"Inform" Design Sprint

The 2020 election was a pressurized environment with many differing opinions.

In 2019 I was part of a design sprint with a goal to establish a product vision that empowered people to decide for themselves which content to trust and engage with on Facebook.

The Outcome

Our design sprint resulted in nearly a dozen ideas that were pitched to News Feed's design leadership. Some were built and tested, others still remain in the backlog of ideas for subsequent election seasons.

188
ideas generated
7
design teams involved
4
weeks, start-to-finish

Background info for the sprint

As a collaborative design group from various teams (News Feed Integrity, AI, Misinformation, Stories, Public Conversations, and a couple more) we were looking to develop a north-star product vision in order to empower users with tools (context, information, design cues) so they know what to trust on Facebook.

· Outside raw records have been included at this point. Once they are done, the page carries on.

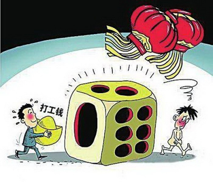 據筆者多年調查瞭解,每年農曆春節期間,農民工放假集中返鄉過春節的高峯期,也是聚眾賭博高發期,一些農民工在外打工為了掙錢,常常起五更睡半夜,甚至流血流汗和忍飢挨餓,靠賣苦力掙的錢本來不容易,可是,春節放假一回到家裏,卻把在外吃的苦頭都忘了,裝起有錢大老闆,不分白天黑夜爬在麻將、撲克等賭博桌上,甚至連路費都輸光,辛辛苦苦掙的錢扔在賭博桌上。
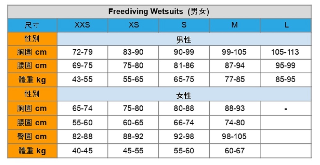 3mm 氯丁橡膠兩件式自潛防寒衣,分男女兩款。
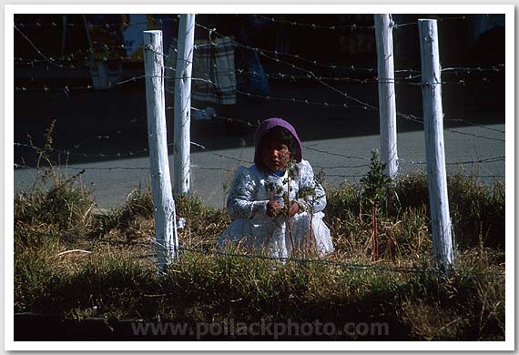 Girl in white, hemmed in by a barbed wire fence
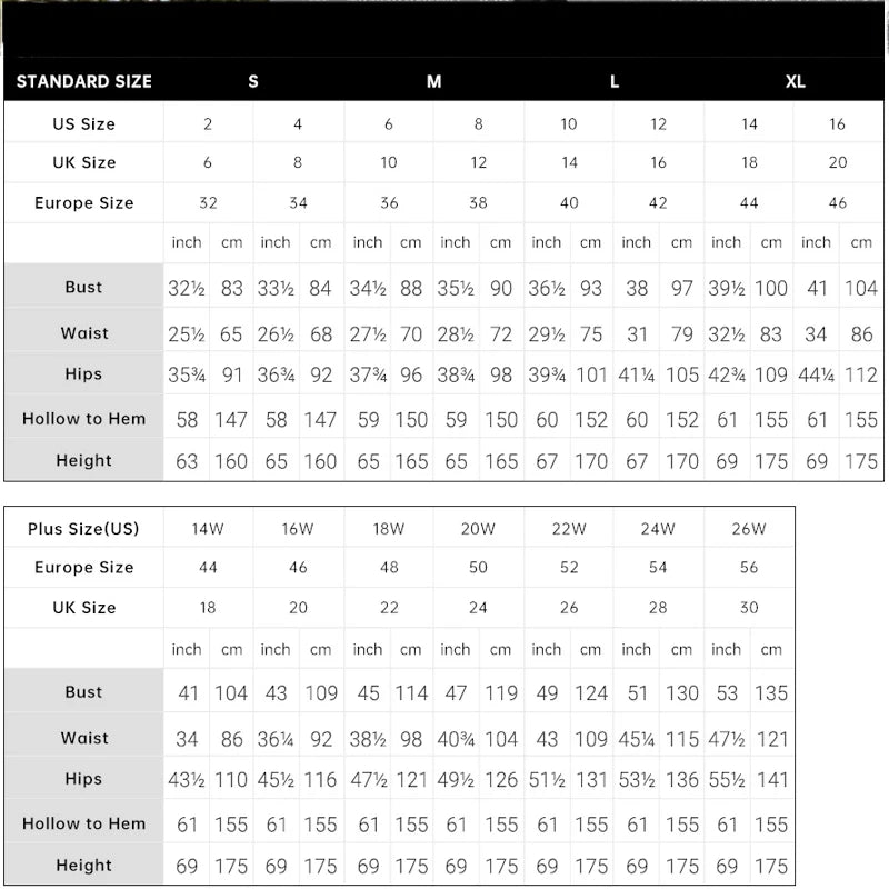 US16W size : Bust: 43 inches, Waist: 36.25 inches, Hips: 45.5 inches, Hollow to Floor: 61 inches.
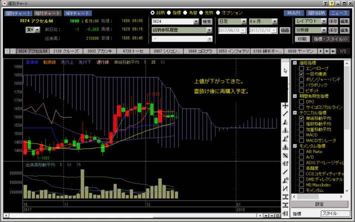 アクセルマーク ほぼ同値撤退。雲抜け or 1月で再購入予定
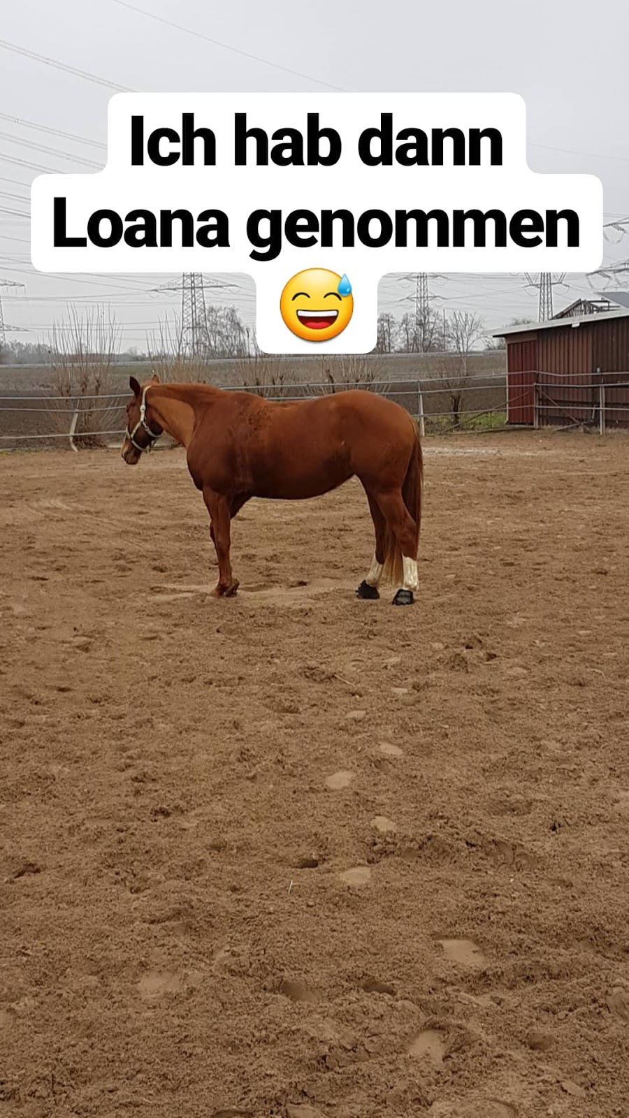 In der kleinen Halle gestaltete sich das wirklich schwer. Der Wind bließ durch die Ritzen der Hallenwände und Loana sprang mir vor Angst in die Longe.
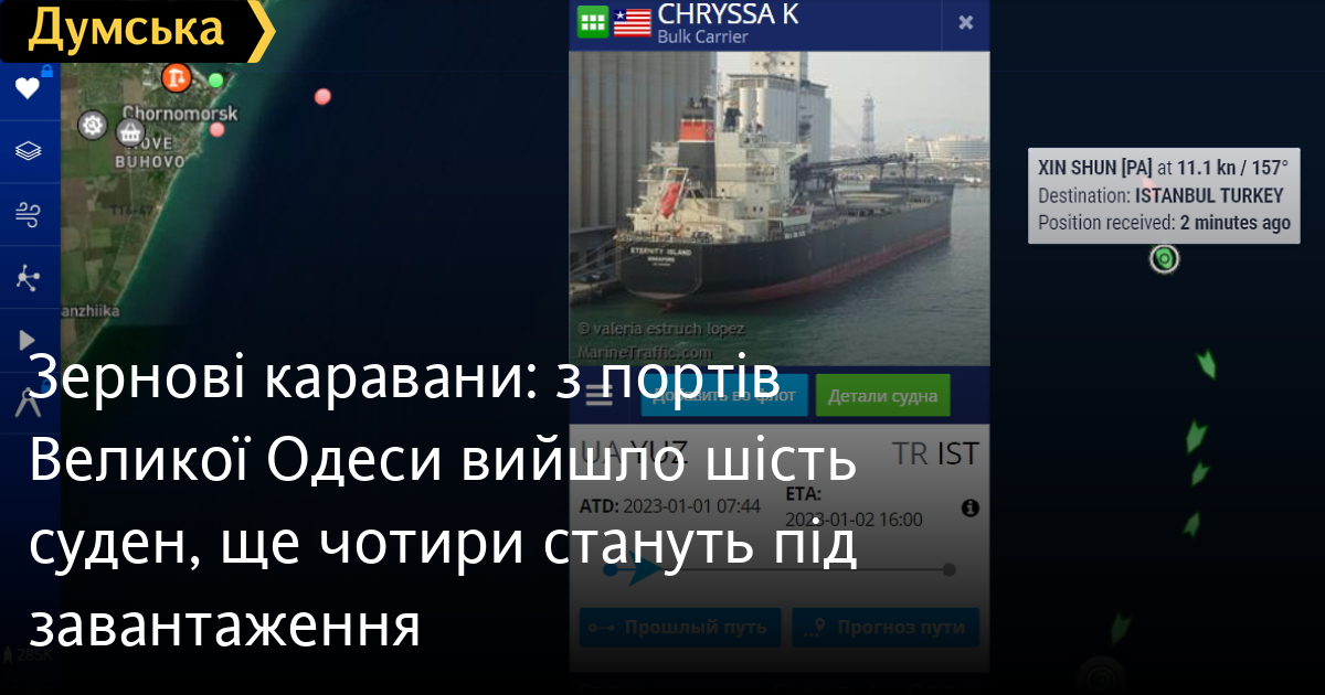 Вранці 1 січня з портів Великої Одеси вирушило шість суден.
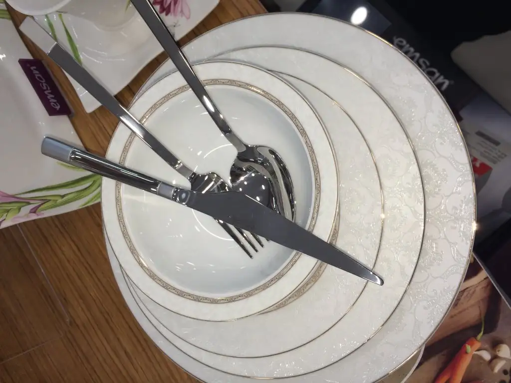 tabiki de yıkanıyo. 5 yıl garantisi var. yıkama kırılma vesaire vesaire. ama yine de ben de silinmesinden korktuğum için kabartmalı bi takım aldım. altın detayları var çok az. fırınlanma yöntemi kullanıyormuş zaten o da kolay kolay çıkmazmış. hatta bak şöyle tam olarak çatal kaşık takımlarımla birlikte.
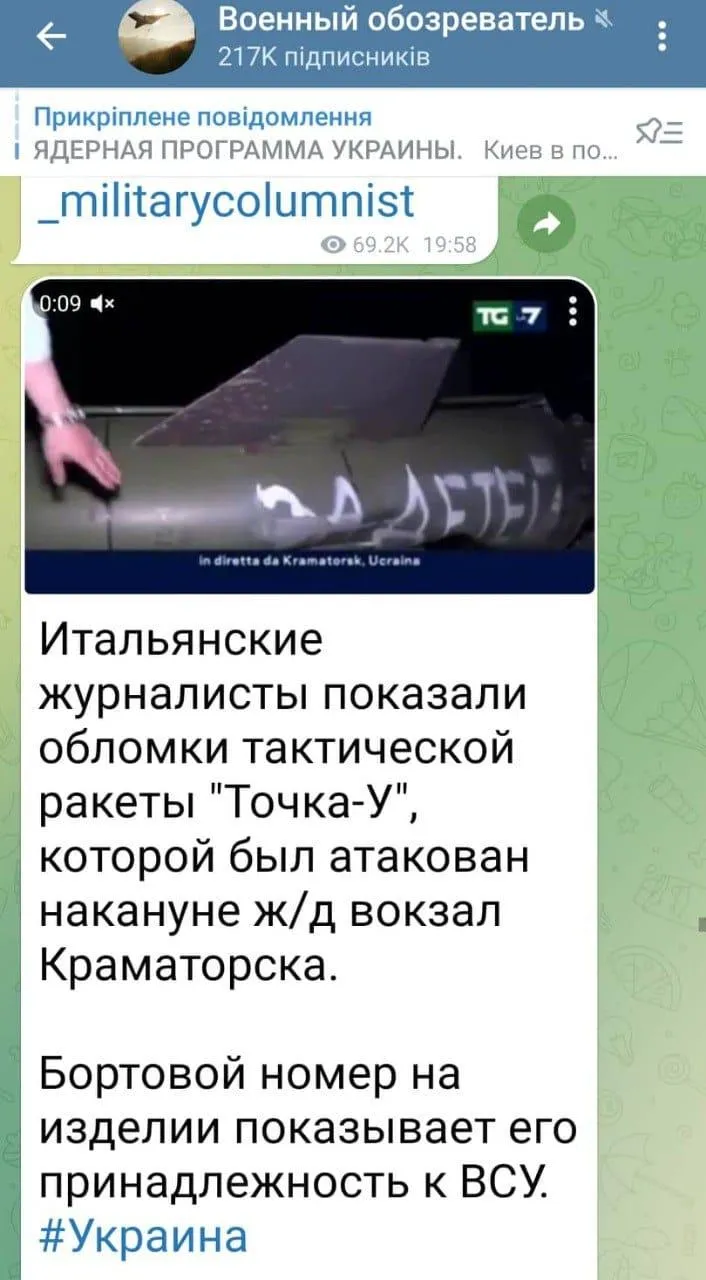 Так, пропагандисти поширюють інформацію, нібито італійський журналіст з TG-7 по бортовому номеру виявив, що ракета, яка атакувала Краматорськ, "українська".
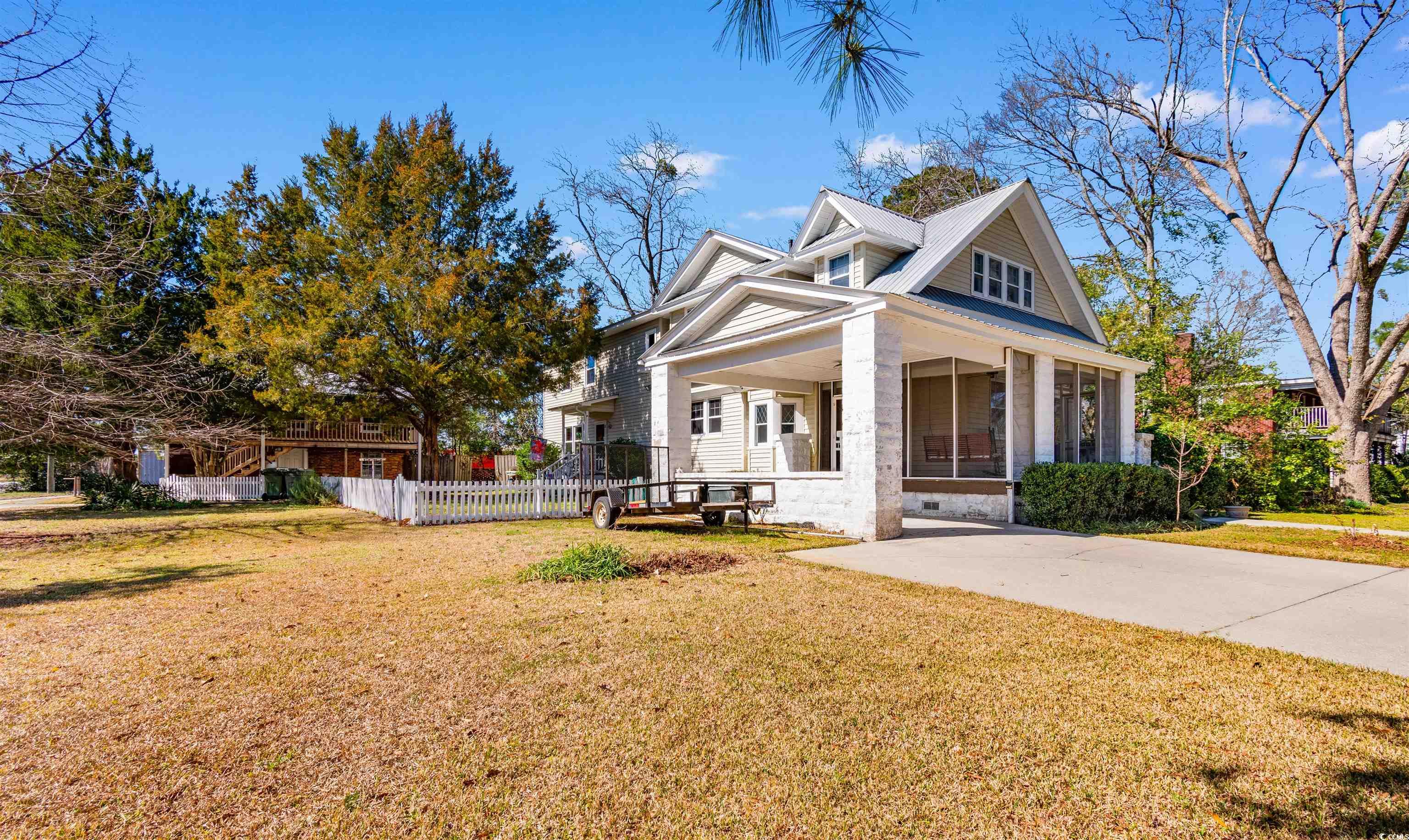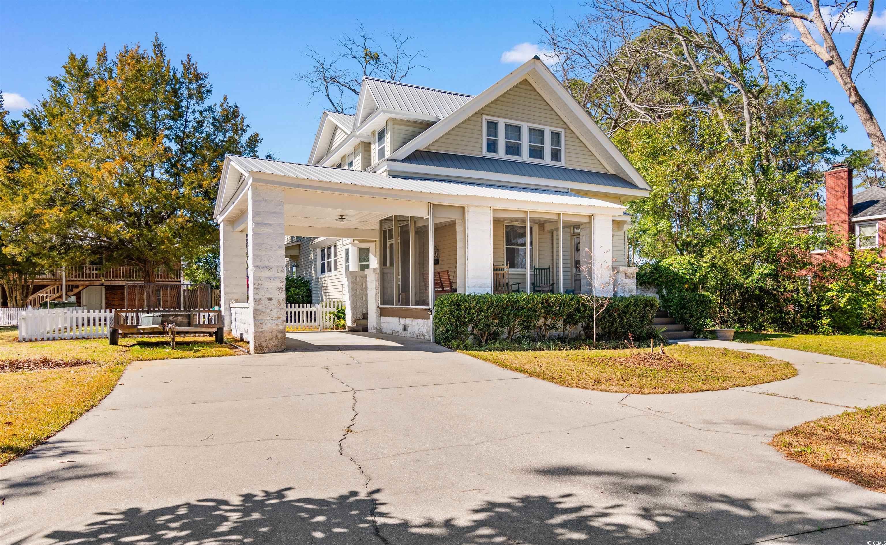Step into timeless charm with this historic Andrews treasure! Built in 1910 and thoughtfully expanded in 1990, this 4-bedroom, 4-bathroom home blends classic Southern character with modern comfort. Situated on a spacious corner lot, the main residence showcases original hardwood floors, custom built-ins, crown molding, and two staircases that add to its historic appeal. A cozy fireplace, metal roof, and abundant natural light highlight the home’s warmth and durability. The detached garage offers even more flexibility with a fully equipped 1-bedroom apartment—complete with its own kitchen and living room—perfect for guests, extended family, or rental income potential. Whether you’re drawn to the history, the craftsmanship, or the versatile living spaces, this property offers a rare opportunity to own a true piece of Andrews history with plenty of charm and character.

A select part of the group went on a research trip covering different demographics (political leanings from right to moderate left, urban vs rural, multiple age categories) before the design sprint in order to help uncover a set of prioritized problems to go after.

The research was focused on:

  1. Information processing and evaluation: How people figure out how to trust information?
  2. Self-awareness and diversity: Do people understand if their network is biased?
  3. Controls: What level of controls people want to see/have?

Four "people problems" we aimed to solve:

1

Corroboration

"Facebook doesn't give me tools to corroborate with other sources"
2

360-degree view

"I want to see the 360-degree view of the facts to make my own decision"
3

Controls

"I see a bunch of stuff in my feed I don't want to see"
4

Skepticism

"I'm scared to post/comment without doing a lot of research first"

How to handle comments

Out of the larger list of themes we’d identified, we wanted to focus on the following two for the comment browsing experience:

  • Corroboration
  • Controls

The comment section can get heated during political season and it’s easy to get lost in a sea of negativity, or to get bombarded with people quoting things that someone actually never said.

So we created a couple concepts in an effort to show how we might alleviate those concerns.

A concept showing how comments could be categorized for more intuitive browsing

A concept showing how we might add a feature allowing someone to use a “quote” format when linking an article 

Providing additional context

When it comes to providing additional context, the two people problems that were most applicable were:

  • 360-degree view
  • Skepticism

People have their own personal reasons for choosing which sources to trust, so we had to be very careful to provide additional content that was non-biased.

We created a few concepts that showed different ways we could provide additional coverage on whichever topic might be interesting.

A concept for how to surface related Stories content from trusted news sources.

A way we might leverage Stories to provide a daily digest from trusted news sources you’ve chosen.

A way to surface links to related articles for easier corroboration on your terms.

Key Learnings

The most impactful thing I learned from this project is the importance of a non-biased opinion when creating a platform for sharing and discussion. Emotions run high when political season is in full swing, and criticism will be brutal if bias is baked into our designs.

I also learned the power of a well-executed design sprint. In just four short weeks we came up with nearly 200 ideas, and rallied to rapidly prototype high-fidelity, ship-ready concepts.

Last, I walked away with more of a desire toward cross-team collaboration. The variety of thoughts, opinions, and research-based context was so rich with such a diverse set of expertise in the room.